Criminal trespass, in contrast, applies to one who (under certain circumstances) “enters or remains on or in property” or “enters or remains in a building of another.” Tex. Penal Code § 30.05(a).
The picture is somewhat clouded by the 2007 amendment to section 9.31, creating a presumption in favor of a defendant charged with a crime consisting of force used against another. A major factor in determining whether the presumption applies is whether the defendant knew or had reason to know that the complainant unlawfully and with force had entered, or was attempting to enter, the defendant’s “occupied habitation, vehicle, or place of business or employment.” Tex. Penal Code § 9.31(a)(1)(A).
The precise effect of the section 9.31 presumption is somewhat unclear. Whatever that effect, it is only on defendants’ ability to invoke the right of self-defense. The presumption clearly adds nothing to the right of a person who does not fear for his own safety to use force to prevent entry into his occupied dwelling. As a result, that presumption has no place in a jury instruction on defense of “land,” even if on the facts of the case that land was an occupied habitation.

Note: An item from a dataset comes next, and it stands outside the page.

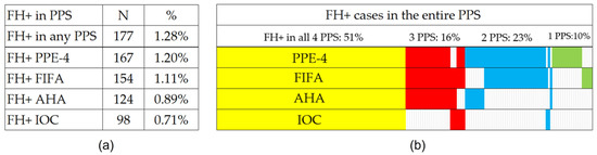 Regarding the PPS systems and their FH detection functionality, the PPE-4 protocol was the one with the highest number of FH+ cases detected (167 athletes; 1.20%), followed by FIFA (154; 1.11%), AHA (124; 0.89%), and IOC (98; 0.71%) protocols. The exact distribution of positive results among the PPS systems for all 177 FA+ athletes is graphically shown in Figure 1. Pairwise comparisons revealed statistically significant differences in the results between the PPS systems (significance adjusted for multiple testing; resulting in all PPS pairs at p < 0.001; the IOC-AHA pair at p = 0.002), except for the PPE-4 and FIFA pair (p = 0.42); (Supplementary Table S1).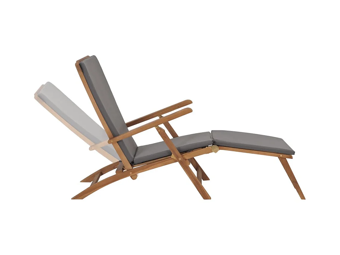 Tumbona con cojín gris oscuro madera maciza de teca ES44564

The Committee concluded that the legislature must have intended the term land as used in sections 9.41 and 9.42 to include the interior of habitations. Thus those sections apply to a defendant who claims he used force to prevent or terminate an unlawful entry into his habitation, whether or not the intruder was on or sought to be on any “solid part of the surface of the earth.” The Committee found no authority, however, for instructing juries in terms that made this apparent legislative intent clear.
The Committee also concluded that the limited terms of section 9.42 made clear a legislative intent to limit the right to use deadly force in this situation. Unlike the case under pre-1974 law, one in possession of his habitation is not entitled to use deadly force to prevent only a simple unlawful entry into that habitation, even if the entry cannot be prevented by nondeadly force.
In many situations, however, an intruder’s actions will trigger the right to use deadly force under section 9.42(2)(A) because the defendant will have grounds to believe the intruder is about to commit one of the enumerated offenses. If an intruder intends to commit even misdemeanor theft (in the daytime), the fact that this requires entry of protected premises will give rise to reason to fear that burglary is involved.